先月の熊本地震により、熊本県のみならず九州全域で
宿泊キャンセルが相次ぎ、大きな影響を受けてしまっております。
以前のブログで「地元の方が望むのならば、過度な自粛は必要ないと思う」と書きましたが(詳細はこちら)、
物理的な被害が少ないと思われる福岡県や佐賀県までキャンセルが出たということを考えると(詳細はこちらの記事より)、
やはり他地域の方による「過度な自粛」があったことは事実なんだと思います。
そんな中「またこの手法か」と思わざるを得ないニュースが。
10月1日宿泊分より、九州地方への宿泊代を最大50%(熊本・鹿児島県は60%)補助するという
「九州ふっこう応援割」が開始されるようです。
(詳細はこちら、観光庁リリースより)
1泊2万円のホテルが1万円に、熊本・鹿児島県であれば8000円になるということです。

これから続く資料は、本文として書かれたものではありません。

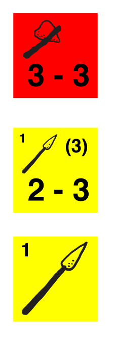 These units have a range indicated in brackets on the upper right corner. This number relates to how far a warrior can dislodge a missile. The number in the upper left correlates with a spear/atlatl token. The unit’s melee strength is significantly less when they’ve thrown their weapon, as they will need to retrieve their thrown weapon after a volley. The only exception is the sling warrior, who can rely on stones/rocks they pick up.

コロナ禍での「GoToトラベル」「全国旅行支援」と同じようなスキームになりそうです。
(詳細はまだ決まっていないようです。)
まだ予約開始日などは決まっておらず、
本キャンペーンにどれだけの予算が使われるのかははっきりしませんが、
早期に予算終了となる可能性があることから、
開始日は予約殺到し「サーバーに繋がりません」状態になってもおかしくないですよね。
いち早く予約した人たちを「情報感度の高い勝ち組」と評する流れがありますが、
こうした方々には、本当に被災地を応援しようという気持ちがあるのでしょうか。
私はGoToトラベルから続く、
宿泊料金を割引して観光需要を生み出すというやり方は否定しません。
宿泊業は、地域の飲食・交通・観光地などへの影響が大きいため、
割引いた予算以上の経済効果が生まれる、よく考えられた施策だと思います。
ただしこれは、宿泊需要そのものが落ち込んでいるタイミングでするもの。
元々10~11月は暑さが和らぎ、自然や食を楽しめるシーズンであるため、
観光需要が増える時期です。
ふっこう割が「泊まりに行ってもいいんだよ!」というサインにはなると思いますが、
元々需要が高まる時期ですから、潤沢な予算を使わず、
少額な予算で早めに打ち切りにしても良いのではないかと思います。
なぜなら、こういった類の割引で泊まりに来るお客様は、
「割引だから来る」方であり、本当に復興を願う方ではない可能性が高く、
リピーターとして次に繋がることは考えにくいからです。
(SNSでお得な旅の方法!などと投稿している人はだいたいこういう人だと思います。)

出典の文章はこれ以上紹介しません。